* _Stored data_:
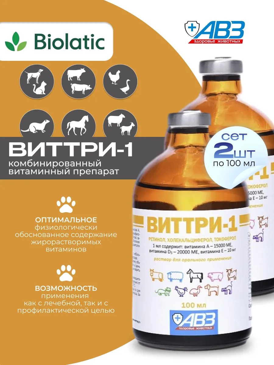 АВЗ Виттри-1 (А, Д, Е) для животных 100 мл сет 2 шт
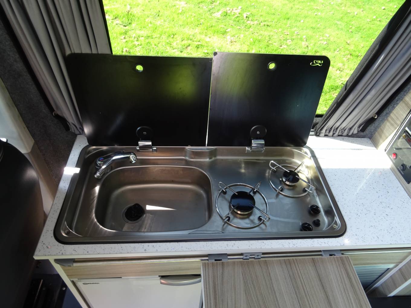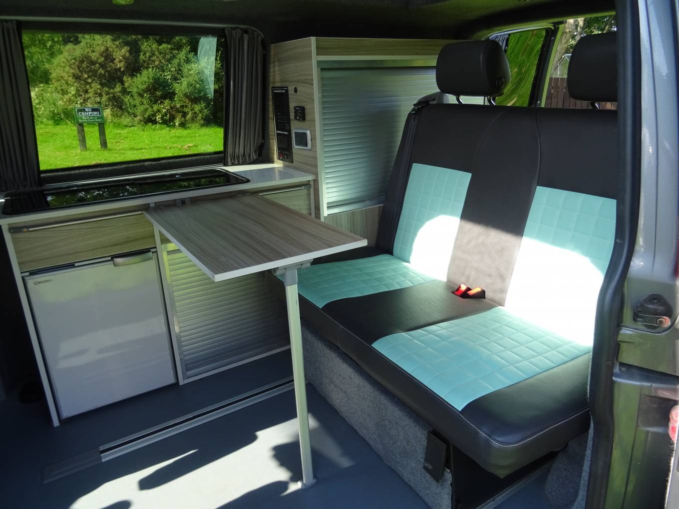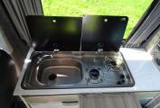 The side kitchen area has a fridge with ice box, 2 burner hob and a sink with hot and cold water. Internally, there is ceiling mounted RGB mood lighting, storage, Erbspacher diesel heating and a drop down DVD/TV. There is plenty of storage for a vehicle of this size including 2 lockable safes under the front seats, a large sliding drawer under the rear seat and a large cupboard with shelf above. The sliding table completes the interior to ensure you have all the home from home facilities you need for a holiday or weekend break, or just a sneaky night away from the kids!
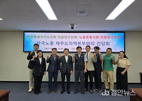 정안뉴스 안정주 기자 | 제주특별자치도의회 의원연구단체 ‘제주 노동존중사회 의원연구포럼’(대표의원 양경호)은 2025년 후반기 제주지역 노동현안 간담회의 세번째, 네번째 간담회로 제주특별자치도공무직노동조합과 한국노총제주도지역본부와 공식 간담회를 갖고, 현장 노동자들의 목소리를 직접 듣고 정책적 대응 방향을 모색했다.

* _Work to complete_: Omit the pictures and write out exactly the lines from the one containing "The side kitchen" through the last line of the material.

* _Task answer_:
 The side kitchen area has a fridge with ice box, 2 burner hob and a sink with hot and cold water. Internally, there is ceiling mounted RGB mood lighting, storage, Erbspacher diesel heating and a drop down DVD/TV. There is plenty of storage for a vehicle of this size including 2 lockable safes under the front seats, a large sliding drawer under the rear seat and a large cupboard with shelf above. The sliding table completes the interior to ensure you have all the home from home facilities you need for a holiday or weekend break, or just a sneaky night away from the kids!
 정안뉴스 안정주 기자 | 제주특별자치도의회 의원연구단체 ‘제주 노동존중사회 의원연구포럼’(대표의원 양경호)은 2025년 후반기 제주지역 노동현안 간담회의 세번째, 네번째 간담회로 제주특별자치도공무직노동조합과 한국노총제주도지역본부와 공식 간담회를 갖고, 현장 노동자들의 목소리를 직접 듣고 정책적 대응 방향을 모색했다.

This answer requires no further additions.